Sigh.  “Will she change any of the rules?”

“Ummm…no but she’ll never notice if you don’t follow them.  Rules really aren’t her thing.”

Everyone brightened considerably and yes, they DID love her.

As the years went by, I didn’t work too hard to keep in touch.  Ceil went on to become a missionary in Kenya and then come back to the States and teach middle school kids, work in the library and sub when she was needed well into her seventies, maybe eighties.  Every now and then I’d send her a note (usually after I had a dream about her) and would hear from her but I hadn’t seen Ceil in (I’m guessing) thirty years…more I guess since it was before Erin and Sean were born.

Anyway, the trip north was a family trip but I had one thing I really needed to do. Ceil is 93 and has serious heart problems.  Friends told me she could go any time.  I needed to see her at least one last time.  And so I did.

And oh my, that amazing beautiful woman is still amazing, still beautiful, still more interested in everyone else than she is in her own issues.  We laughed, we reminisced, we talked about what really mattered to us…as women, as teachers, as people on this planet.  She told me about her trip to India to see Mother Teresa,who was in Norway getting the Nobel prize….”That was fine,”says Ceil. ” I met the other sisters and saw their work…stayed with them a few days and was so thrilled to be in the presence of such holiness.

I hope Ceil will be around in September when I go back north.  She hopes so too.  But if she’s not, I am SO very glad that I saw her this time around.

I’ve been lucky to have had some amazing mentors along the way.  Smiley is just one of them….and I am probably still trying to BE her and still learning to  be content with just being the best version of me that I can be.


14 thoughts on “Smiley

  1. Loved today’s message! Thanks for sharing.

    Sent from my iPad


  2. carol connery

    Mary, I can’t tell you how wonderful it was seeing you, you brought lightness and laughter, like a little angel. It is strange you should talk about the nuns, because after your visit, I was thinking about your positive, peaceful energy, and then remembered you were a nun ( I sometimes forget!). Thank you for being you.

  3. Irene callahan

    Such a lovely story. It is wonderful to connect with someone from the past. Often that happens with me at funerals…… Not the funeral of the deceased but someone who also had a relationship with the deceased. It is always validating and uplifting to connect with someone from another time in your life.
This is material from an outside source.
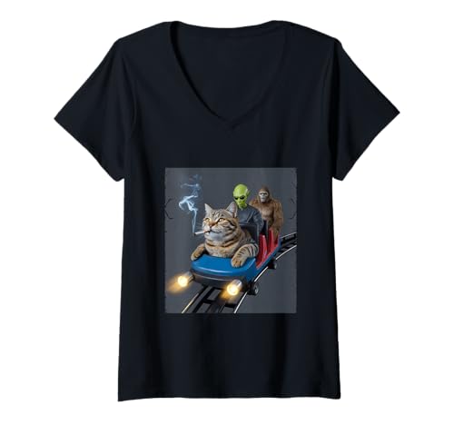 Womens Cigarette Cat Roller Coaster Smoking Funny Cat Meme V-Neck T-Shirt

  4. It’s just so wonderful how you celebrate and appreciate the people in your life who most influenced you. You are a perfect version of you and a mentor and role model to so many, including me. Thanks for sharing this story.

  5. What a great story, Mary! I’m sure your visit meant the world to her. As teachers, we know there’s no greater compliment than a former student staying in touch. She must be one in a million.

  6. You definitely are the BEST version of you…no need to want to be Ceil. I am so happy you were able to see her and remember those memories together. I still can’t believe you ever became a nun…you’re way too nice and caring than any sister I ever had! Will miss you tomorrow!

  7. Mary, don’t try to hard because you are amazing just the way you are!!!

  8. Carpe Diem! That’s your mantra. It was lovely seeing you, Mary. Enjoy the wedding and every other day too. Love to Jerry.

  9. You taught me an important message. Just keep smiling and be kind to everyone. You go girl. Glad that you had a great trip.

  10. Wow! Mary, this time you REALLY made me cry. Thank you for this. It also reminds me of the incredible Pope we now have. These are things for which we should be thankful. Love you, as always, for everything you do

  11. Mary, I think I just read about Sister Cecelia James in the June 12 “Sun” newspaper. There was an article about some sisters celebrating some significant anniversaries. She was celebrating her 75th year in religious life. There was also a picture. Do you think it was your “Smiley”? The name sounded familiar
    to me but her assignments weren’t in Holyoke. I wonder if you had spoken of her before and the name just stuck in my brain. Anyway if you haven’t seen the article you can see it in the archives on line.

  12. I truly believe that you have succeeded in your own progressive way!